A DEMOCRATURA – por Fernando Martinho Guimarães

O séc. XVIII é, costuma dizer-se, o século das Luzes, do Iluminismo.

Os seus representantes máximos, Kant, Voltaire, Jean-Jacques Rousseau, entre outros, têm em comum a afirmação da razão como critério e ideal da universalidade dos princípios que resultariam do seu exercício.

Não é de admirar que os ideais da ciência e do progresso sejam a pedra de toque que promoveriam o desenvolvimento efectivo da humanidade e não apenas deste ou daquele povo, desta ou daquela nação.

O progresso, científico e social, adviriam, pois, do debate esclarecido, ilustrado, de ideias, do confronto, decente e civilizado, de diferentes pontos de vista acerca do mundo que se quer construir, para nós e para os que, depois de nós, hão-de vir.

A segunda metado do século XX, no seguimento das experiências traumáticas das duas guerras mundiais, parecia consolidar o que de melhor o Iluminismo nos tinha deixado.
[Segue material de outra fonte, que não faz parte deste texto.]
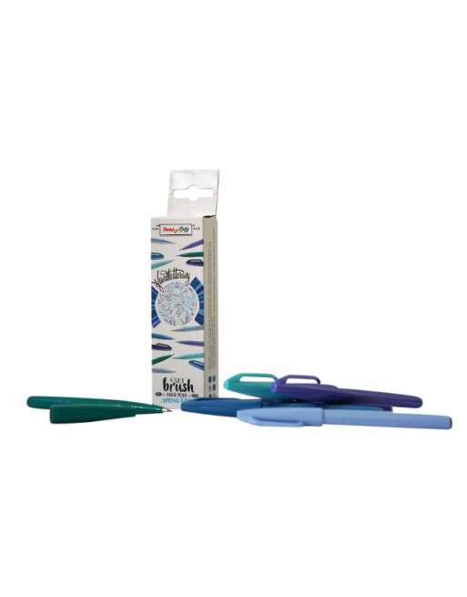 * Pentel Brush Sign set Spring Rain. * Deze set bevat 6 kleuren. * Dankzij de flexibele vezelpunt van de Pentel Brush Sign Pen zijn variabele lijndiktes mogelijk, afhankelijk van de druk. * Met zijn fijne flexibele punt is het de ideale pen voor schetsen, illustreren, handlettering en kalligrafie op kleine schaal. * Gemakkelijk te hanteren en daarom bijzonder geschikt voor beginners. * Inkt op waterbasis. * In metaal gevatte zeer robuuste punt. * Niet navulbaar.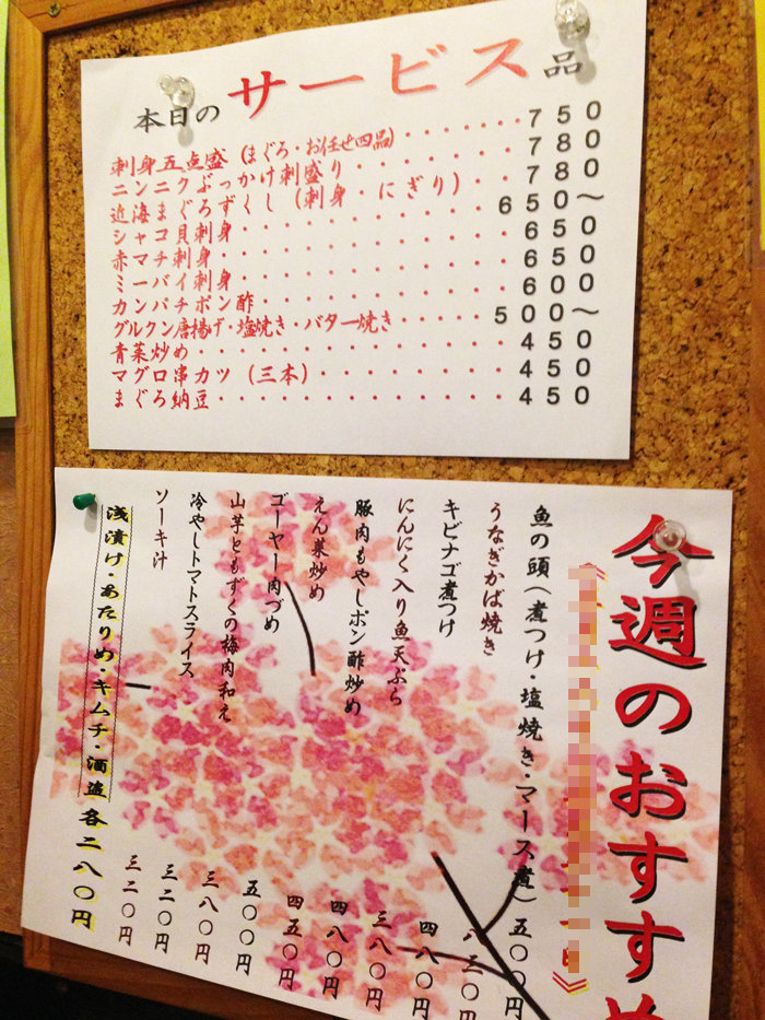本日のサービスとおすすめメニュー。

Não espanta que as democracias se tenham imposto como a forma desejável de, social e politicamente, promover os ideais iluministas.

No entanto, de há uns tempos para cá, as coisas parecem estar a mudar. No campo da ciência, proliferam os defensores da teoria da terra plana e do criacionismo. A contestação às vacinas e aos antibióticos, por exemplo, tem nas redes sociais um palco privilegiado. O mercado dos suplementos alimentares e de outras mezinhas ditas da medicina alternativa ocupa boa parte dos espaços televisivos. A negação das alterações climáticas já não é apenas conversa de café e foi assumida como política oficial de alguns Estados.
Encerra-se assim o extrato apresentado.